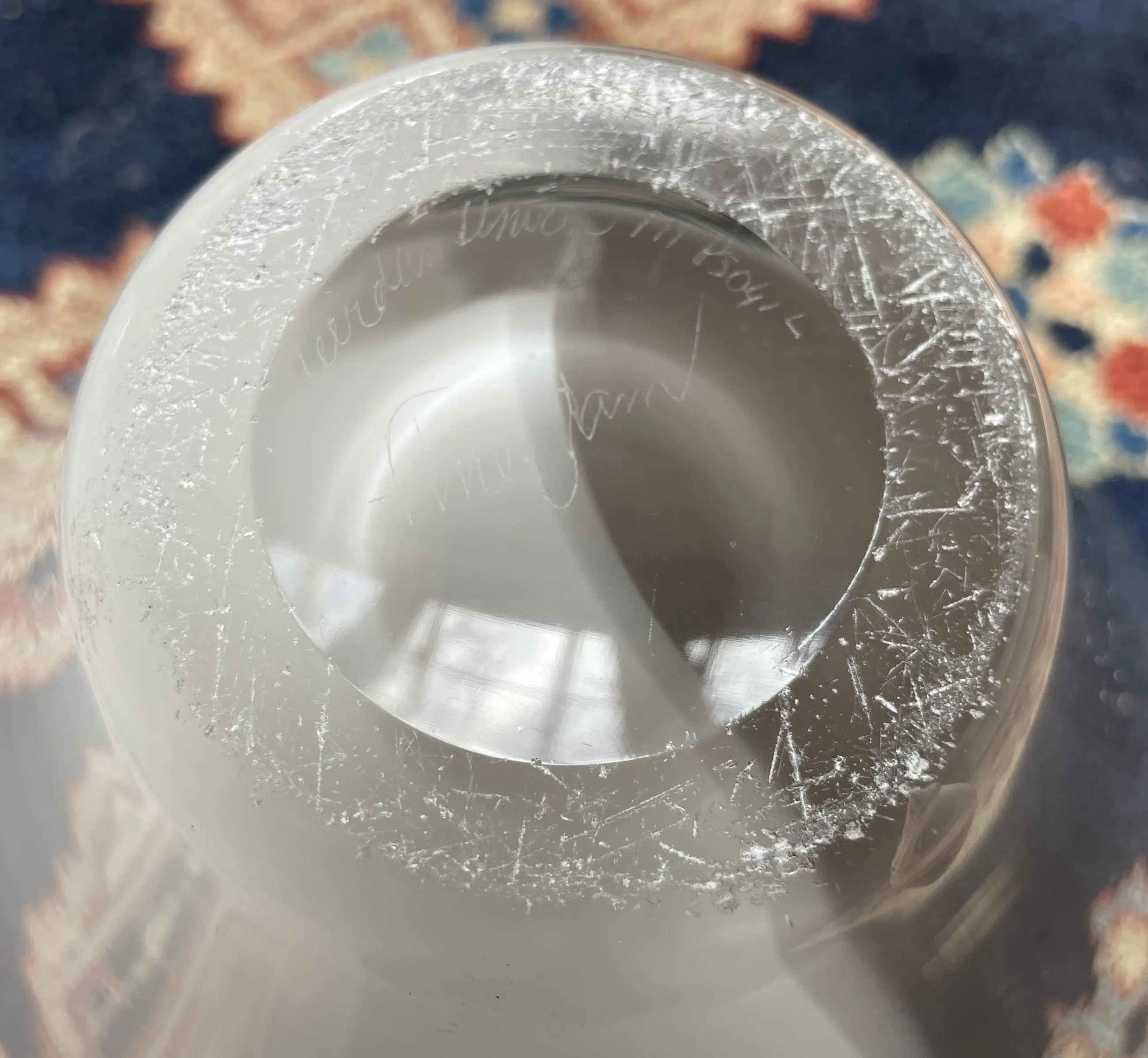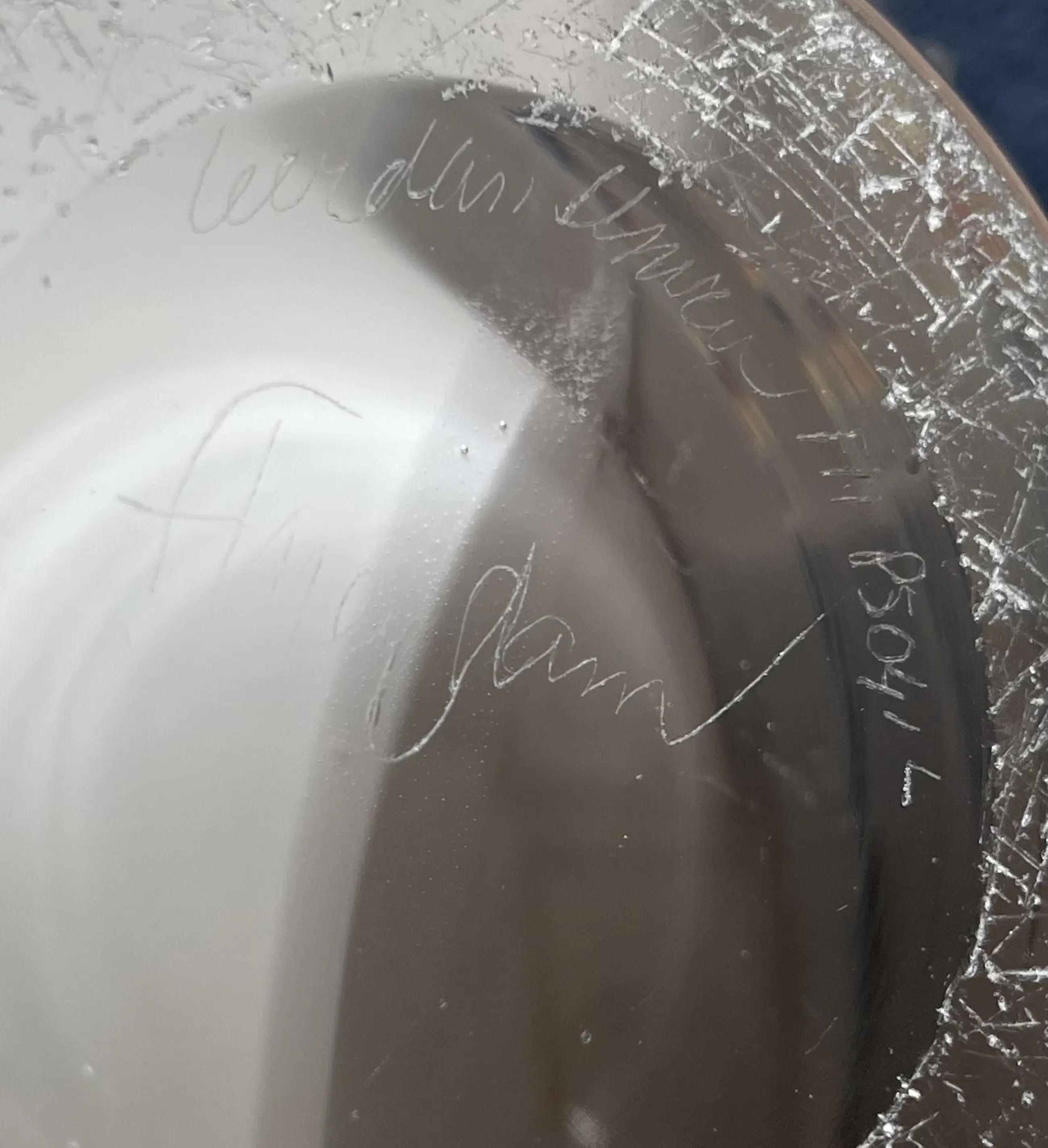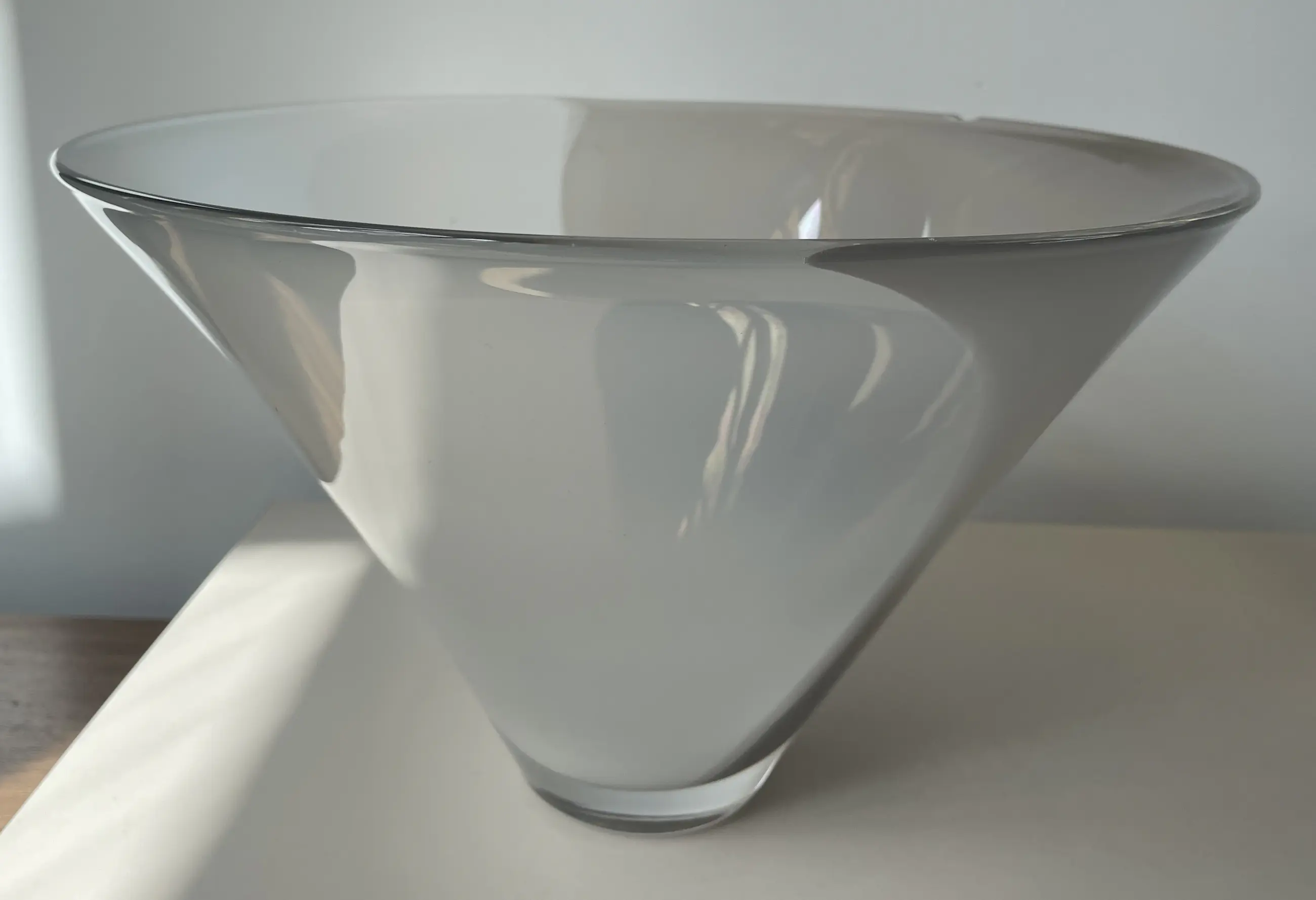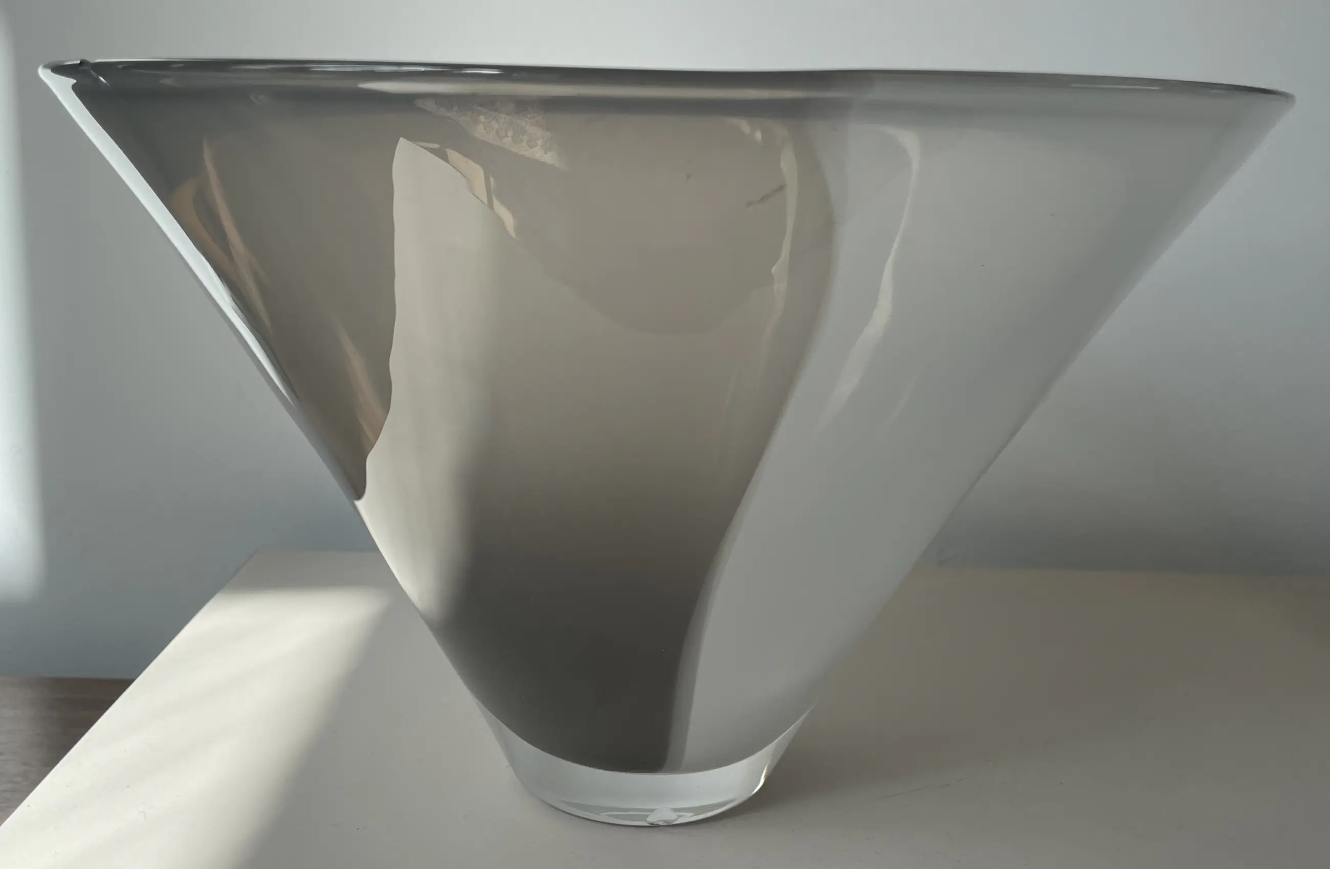 Grote two tone (grijs-wit ofwel Salmiak kleur) kunstglazen Unica kom FM85041L van Floris Meydam uit 1985. Helaas heeft de kom schade; een chip op de bovenrand en een chip onderaan de voet. De laatste is wat minder in het oog springend, maar de 1e helaas wel. En krassen op de standring - zie foto's.
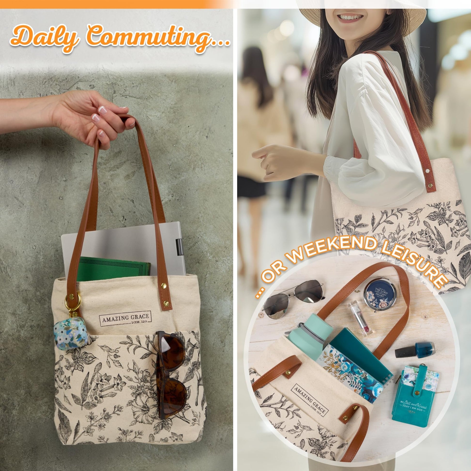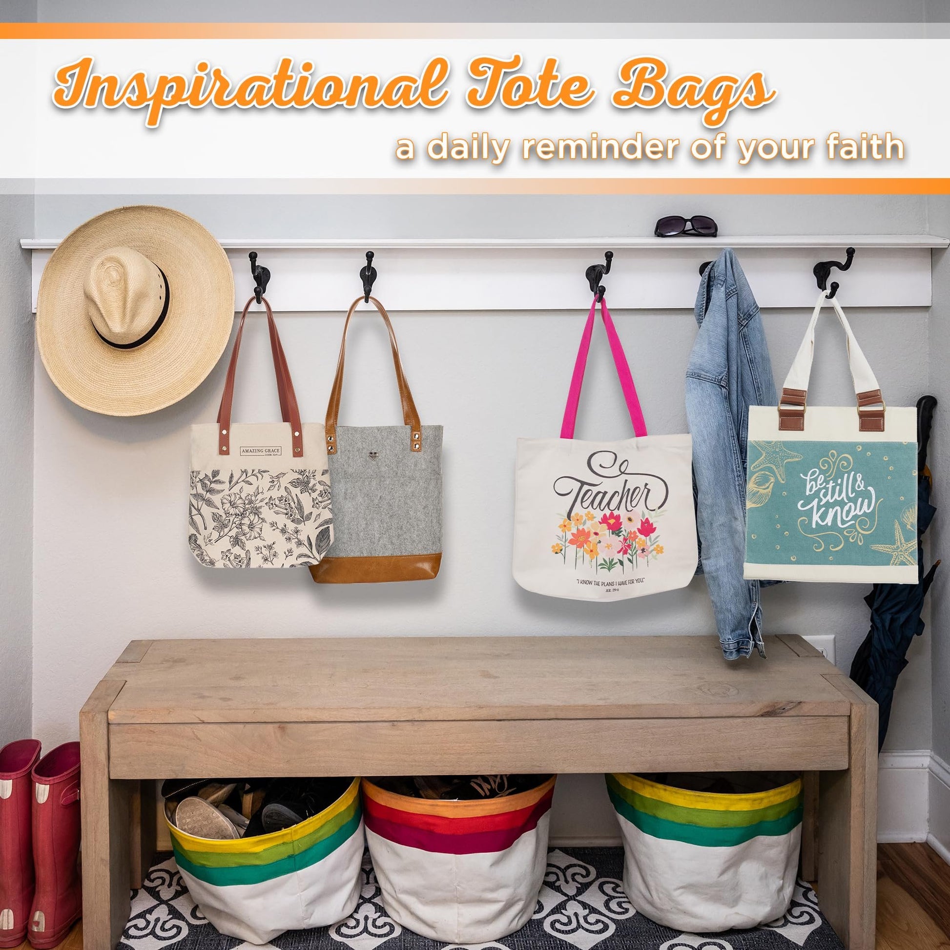 Christian Art Gifts Canvas Floral Tote Bag for Women: Amazing Grace Inspirational Scripture for Shopping, Supplies, Books, Accessories, Vegan Leather, Pocket, Zippered Closure, Creamy Tan & BrownSturdy Reusable 100% Cotton Canvas Material: Made of non-woven quality light tan canvas, the tote carry bag features strong weight resistance and can withstand daily wear and tear thanks to its tightly stitched construction, metal hardware, and durable brown faux leather handles. The every day tote is lined with 100% cotton and features a secure zipper closure with silver ziper pull to keep your belongings safe.Versatile Practical Every Day Accessory: Perfect size for all of your errands, crafts or even weekend travel and lined with 100% cotton on the interior. Carry it to church, class, work, or use to store accessories at home. Great for carrying stationery, reading supplies, or taking grocery shopping. Not intended for children. Size: 12 x 12 x 3.5 Inches.Eco-friendly, Collapsible Shopping Shoulder Bag for Adults: Easily collapses to keep in the trunk of your car or for storing in a drawer ready for easy use in a pinch. Tightly stitched for durability with metal hardware attached, the quality and man-made, vegan leather handles can be carried in hand or on the shoulder with much ease. Carry all of your every day tools in style and keep them secured with the zipper closure.Beautiful Simple Printed Design for Yourself or a Loved One: The cute creamy tote bag features "Amazing Grace" framed in a printed black, elegant font directly complemented with a screen-printed black floral pattern directly below on the slip pocket. 2 Corinthians 12:9 is referenced by the sentiment.Faith, Hope, & Love: Christian Art Gifts offers a wide variety of Scripture print items. From Bible Covers, Coloring Books, Journaling Bibles, Journals, Planners, and Devotionals, the company strives to bring the best quality products with a special message of hope and encouragement on each and every one.
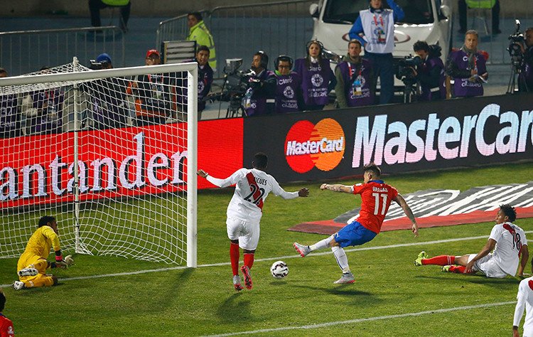 33': ¡¡¡Huuuuuuyyyy!!! La más clara ahora para Chile. Advíncula vuelve a salvar el arco peruano. El remate de Vargas a puerta vacía rebotó en el lateral.
-*-
> Your instructions: Retype the data above exactly; pictures are not part of the copy.

> Output:
 Grote two tone (grijs-wit ofwel Salmiak kleur) kunstglazen Unica kom FM85041L van Floris Meydam uit 1985. Helaas heeft de kom schade; een chip op de bovenrand en een chip onderaan de voet. De laatste is wat minder in het oog springend, maar de 1e helaas wel. En krassen op de standring - zie foto's.
 Christian Art Gifts Canvas Floral Tote Bag for Women: Amazing Grace Inspirational Scripture for Shopping, Supplies, Books, Accessories, Vegan Leather, Pocket, Zippered Closure, Creamy Tan & BrownSturdy Reusable 100% Cotton Canvas Material: Made of non-woven quality light tan canvas, the tote carry bag features strong weight resistance and can withstand daily wear and tear thanks to its tightly stitched construction, metal hardware, and durable brown faux leather handles. The every day tote is lined with 100% cotton and features a secure zipper closure with silver ziper pull to keep your belongings safe.Versatile Practical Every Day Accessory: Perfect size for all of your errands, crafts or even weekend travel and lined with 100% cotton on the interior. Carry it to church, class, work, or use to store accessories at home. Great for carrying stationery, reading supplies, or taking grocery shopping. Not intended for children. Size: 12 x 12 x 3.5 Inches.Eco-friendly, Collapsible Shopping Shoulder Bag for Adults: Easily collapses to keep in the trunk of your car or for storing in a drawer ready for easy use in a pinch. Tightly stitched for durability with metal hardware attached, the quality and man-made, vegan leather handles can be carried in hand or on the shoulder with much ease. Carry all of your every day tools in style and keep them secured with the zipper closure.Beautiful Simple Printed Design for Yourself or a Loved One: The cute creamy tote bag features "Amazing Grace" framed in a printed black, elegant font directly complemented with a screen-printed black floral pattern directly below on the slip pocket. 2 Corinthians 12:9 is referenced by the sentiment.Faith, Hope, & Love: Christian Art Gifts offers a wide variety of Scripture print items. From Bible Covers, Coloring Books, Journaling Bibles, Journals, Planners, and Devotionals, the company strives to bring the best quality products with a special message of hope and encouragement on each and every one.
 33': ¡¡¡Huuuuuuyyyy!!! La más clara ahora para Chile. Advíncula vuelve a salvar el arco peruano. El remate de Vargas a puerta vacía rebotó en el lateral.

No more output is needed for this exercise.